There’s a lot of things that I’ve still got no idea about in this vast technical world – and one of those things is how things work under the hood. When faced with the question “What actually happens when you type www.google.com in your browser?” I found myself staring blank faced at the person who posed the question, which prompted a conversation about networking and how data gets transmitted from one place to another. I’ve attempted to summarise some of the concepts discussed in that conversation in this post.
We started by looking at the OSI (Open Systems Interconnection) model, which breaks down networking (the way computers communicate with one another) into several layers
This helps to understand networking concepts by categorising them into different layers, but also allows for some standardisation on how we communicate across networks, so that different components are able to talk to one another. However, it is criticised because in practice, protocols don’t just fit into one of these layers; rather they often encompass two or three together.
Using the model for understanding
Layer 1 – The Physical Layer
Let’s consider the simpler case of being on a LAN (Local Area Network) and being connected to different computers on that local network through some sort of physical connection.
Layer 2 – The Data Link Layer
Each computer is considered to be a node on that network, and each node has its own unique identifiers. In the case of computers, this is the MAC (Media Access Control) Address and IP (Internet Protocol) Address. The computer then sends out a data packet with the sender’s and receiver’s MAC address contained within it – often in the form of an ethernet frame:
All ethernet frames are structured the same, so that the receiving end knows how to interpret what it’s been given. The first interesting thing to note is that we use the term octets (8 bits) rather than bytes – because not all machines use 8 bits to represent a byte, and networking doesn’t discriminate on this basis!
- Preamble – Think of this like tuning a musical instrument. The preamble is always the same, and allows the receiving machine to recognise how to read the bits and bytes of the rest of the message.

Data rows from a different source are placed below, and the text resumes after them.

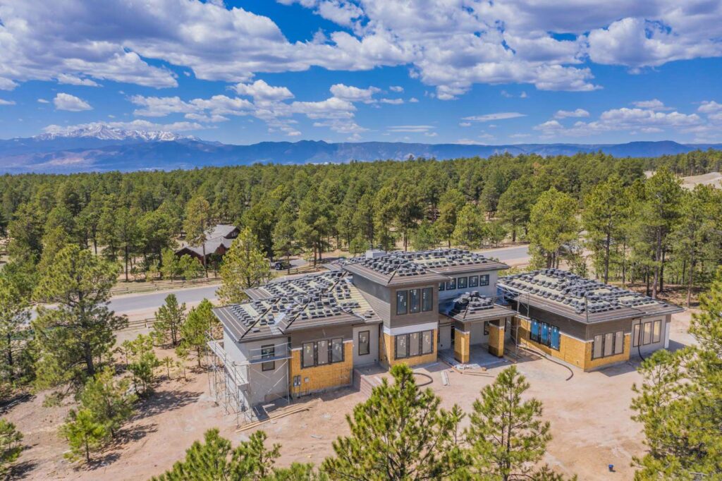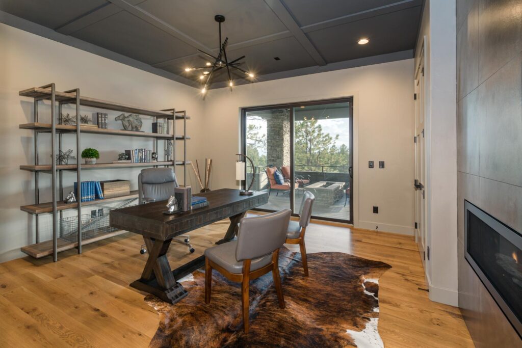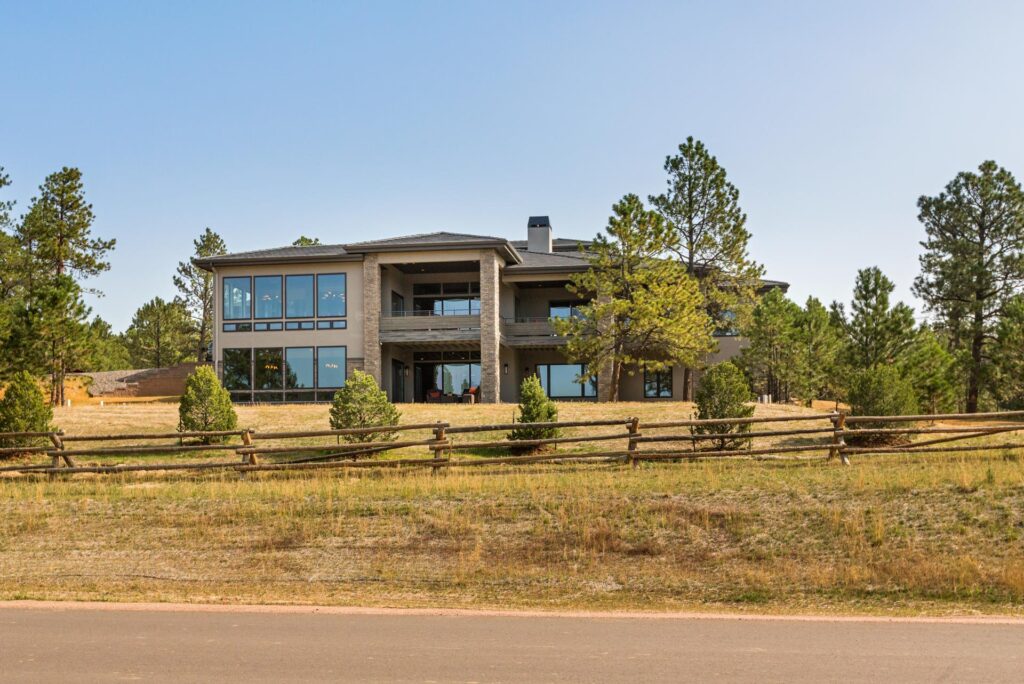This Colorado Mountain Contemporary Design was influenced by Frank Lloyd Wright’s Prairie Style, and is located on 3.14 sprawling & treed acres in coveted Flying Horse North — an incredible, quiet, exclusive location just north of Colorado Springs. There are almost too many notable design elements to mention here, but a few stand out, including the captivating interior design and the wall of glass doors in the open great room that showcase the unobstructed views of Pikes Peak. The kitchen features a 48″ commercial GE Monogram Gas Range w/ 2 ovens, a third oven, island, custom cabinetry, quartz countertops, a spacious walk-in pantry, plus a Butler’s Pantry that includes a Miele Coffee Maker & Espresso Machine. The open living room with beamed ceiling, the private study with fireplace and closet; the master suite with walk-out deck and private hot-tub, the master bath with free-standing tub, custom shower, dual vanity — all designed with exceptional care and modern, custom luxury — this home is a living piece of art.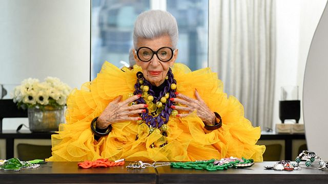 Nata a New York il 29 agosto 1921, per Iris Apfel la notorietà è arrivata in età avanzata. Occhiali tondi e grandi, rossetto rosso sempre, strati su strati di bracciali e collane vistosi e coloratissimi. Autoproclamatasi "star geriatrica", il suo è uno stile fatto di haute couture e pezzi scovati nei mercati: "La moda la puoi comprare, lo stile lo devi possedere", ha dichiarato in varie interviste. "Non mi vesto per essere osservata ma per essere me stessa". La sua collezione privata verrà messa in vendita esclusivamente online, con una selezione di lotti in esposizione a New York, Miami e Palm Beach.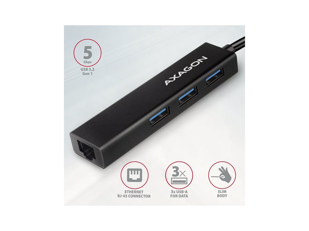 AXAGON HMC-GL3A, USB 3.2 Gen 1 hub + Gb LAN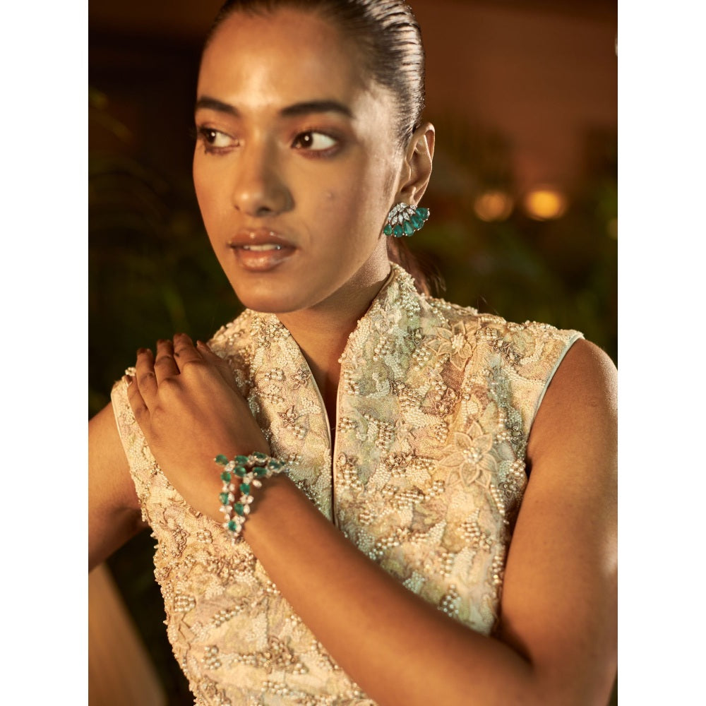 Shreeka Beigie Satin Embroidered Draped Skirt (Set of 2)

- MAC Address – As mentioned, the MAC address is the identifier of the destination/source machines involved in the data transfer
- Ethertype – Tells you the size and type of data you’re expecting (so the machine knows what and how to read the data its getting
- Data – The diagram shows an IP Datagram which is used in TCP (explained below), but this data can be in a different form
- CRC (Cyclic Redundancy Check) – This is a fast, but quite weak, check that the data has been received correctly.
Layer 3 – The Network Layer
One computer on the network will want to communicate with another. It first finds the IP Address of the computer it is trying to communicate with through DNS (Domain Name System – at a high level this is a mapping between domain names and IP addresses). It then looks for the MAC Address associated with the IP Address of the destination computer in its private ARP (Address Resolution Protocol) cache. If it cannot find the destination computer in its cache, it sends out a broadcast ARP request across the network, and the computer with the relevant IP Address will send a response to allow the sending device to store its MAC address in its cache (and subsequently use it in its data packet)

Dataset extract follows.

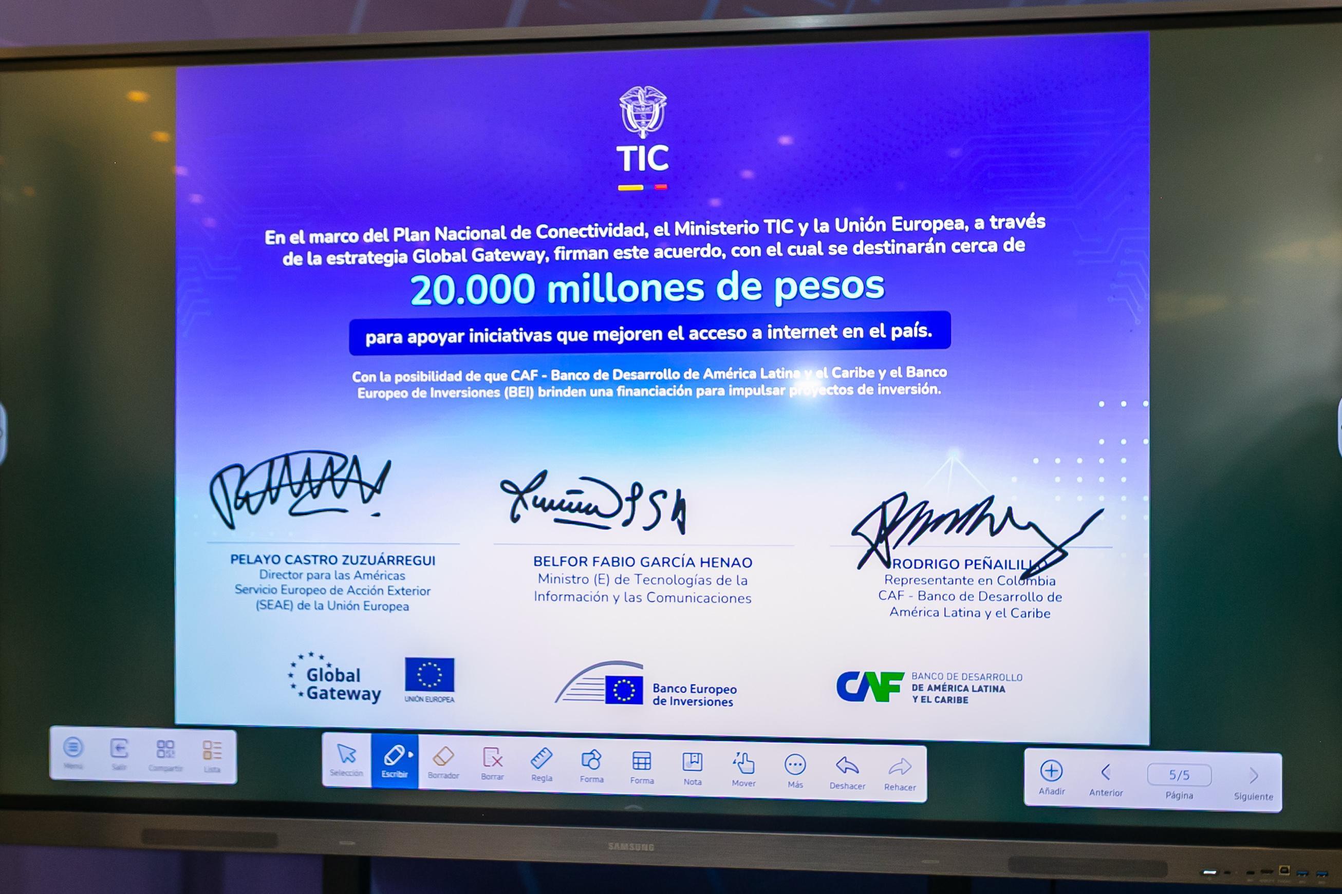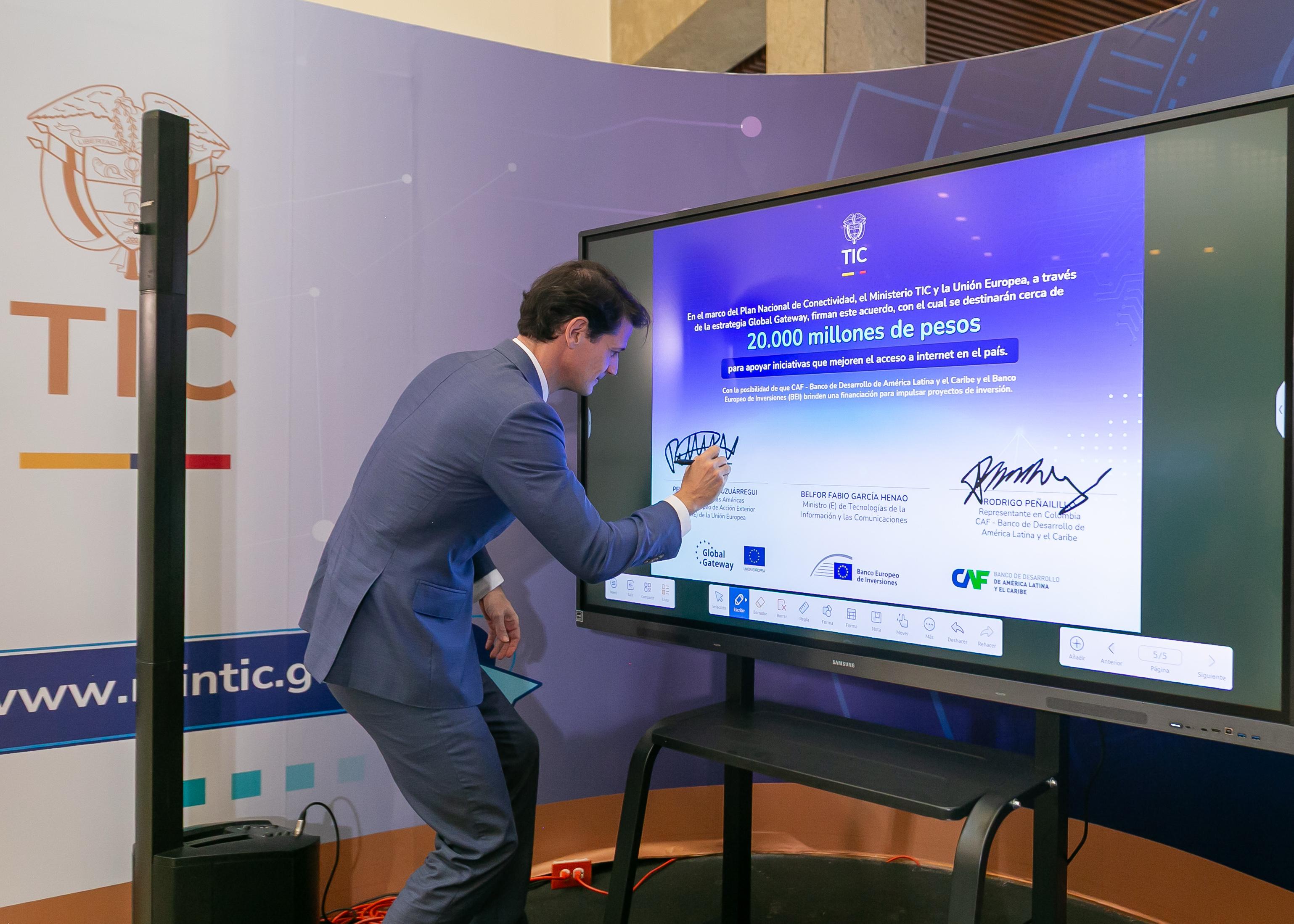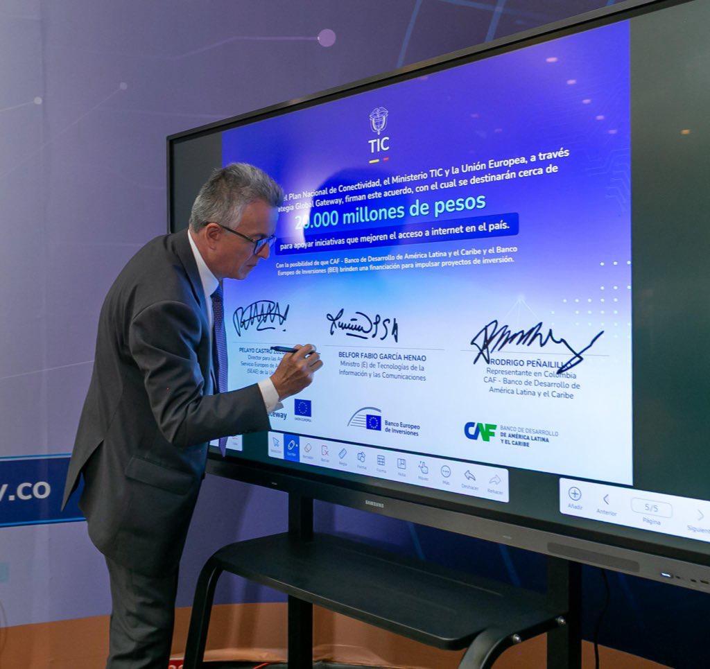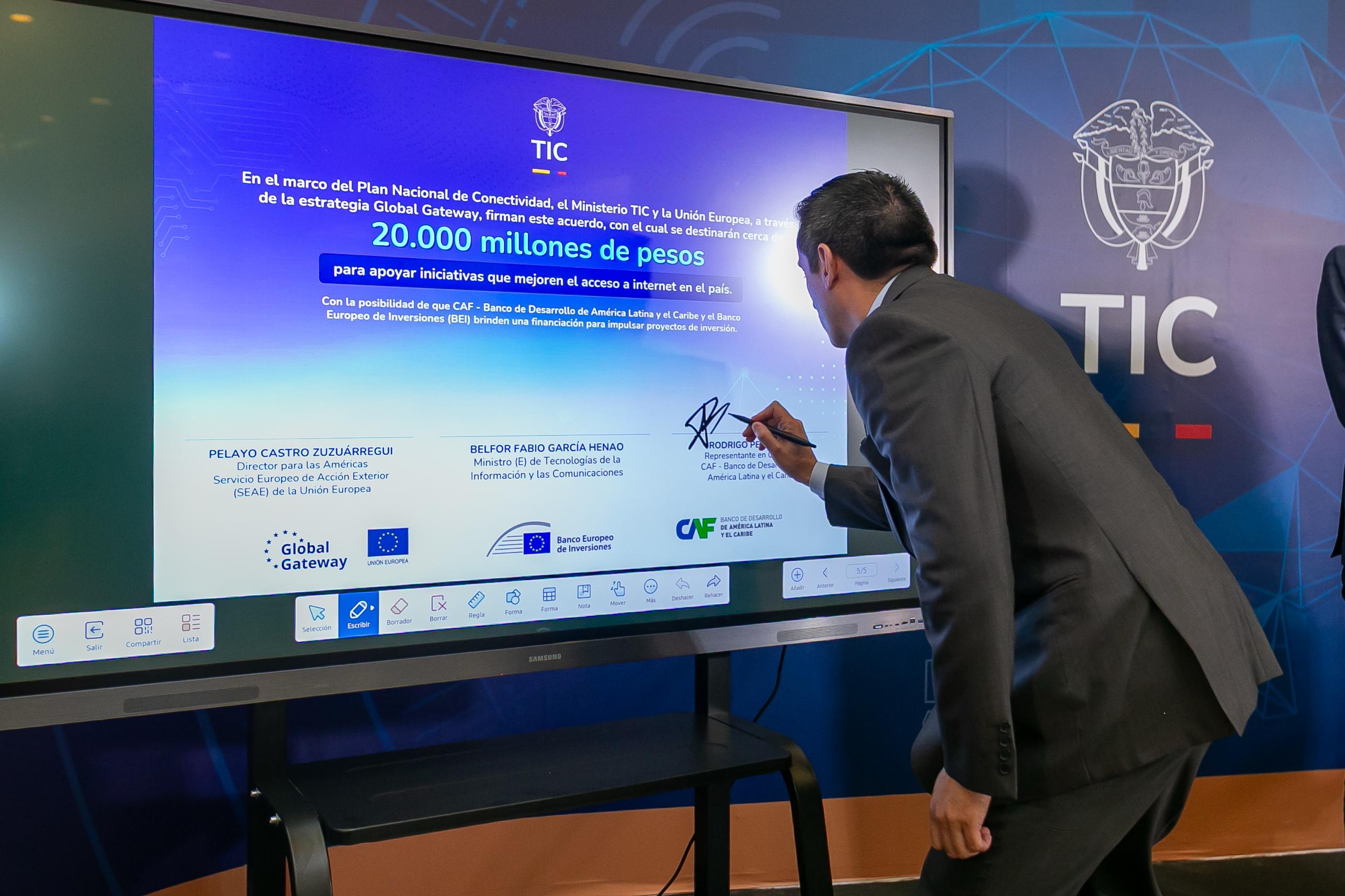 Bogotá, febrero 21 de 2025 (@Ministerio_TIC) –. Para fortalecer la conectividad en el país y la promoción del desarrollo en los territorios, especialmente en zonas rurales y apartadas, el Ministerio TIC, la Unión Europea (UE) y CAF -banco de desarrollo de América Latina y el Caribe- firmaron un Acuerdo de Cooperación con el cual se destinarán cerca de $20.000 millones para apalancar financiamientos del Banco Europeo de Inversiones (BEI) y de CAF, y así apoyar el Plan Nacional de Conectividad del país. En el acto participaron el ministro (e) TIC, Belfor Fabio García Henao; el director para las Américas del Servicio Europeo de Acción Exterior de la Unión Europea (UE), Pelayo Castro Zuzuárregui; y el Representante de CAF en Colombia, Rodrigo Peñailillo.

Layer 4 – The Transport Layer
Layers 2 and 3 are concerned with addressing, i.e. where we want the data to end up. Layer 4 is all about how to actually get the data there. There are two main different protocols that can be used for this layer – TCP and UDP.
The most common Transport Layer Protocol is TCP – Transmission Control Protocol. This is a stateful connection where both parties communicating acknowledge they’re part of the conversation, which will continue until one side removes itself. Whenever we send data we need to reference the conversation that we’re in at the time. When connected to a port there are several different conversations happening all at the same time.
A server socket binds to a port, and then listens for connections. The client initiates a connection by sending a SYN (synchronise) packet. The server accepts the SYN packet and responds with a SYN/ACK. The connection is now open and we can now send data back and forth. Whenever one side sends data, the other side acknowledges that data for every packet that it receives. If no ACK is received, the server sends the data again so as to ensure reliable data transport. To close the connection, the client sends a FIN packet, and the server acknowledges this with a FIN/ACK. The server can also terminate the connection, by sending a rst (reset) packet
Another transport layer protocol is UDP – User Datagram Protocol. This protocol is much more minimalist – whereas the TCP requires a connection and an acknowledgement for each packet sent, UDP is stateless, it simply sends the message and essentially hopes for the best! It therefore cannot guarantee the order the messages will be received in (or indeed whether they were received in the first place!).
Packets have a limited size – which could be a problem if we want to send a larger amount of data across the network. This is possible with TCP, as we can chunk the data up into multiple packets and send them across individually, knowing that they will all be received and in the order we sent them. With UDP, we can’t guarantee that because there is no system of acknowledging messages received.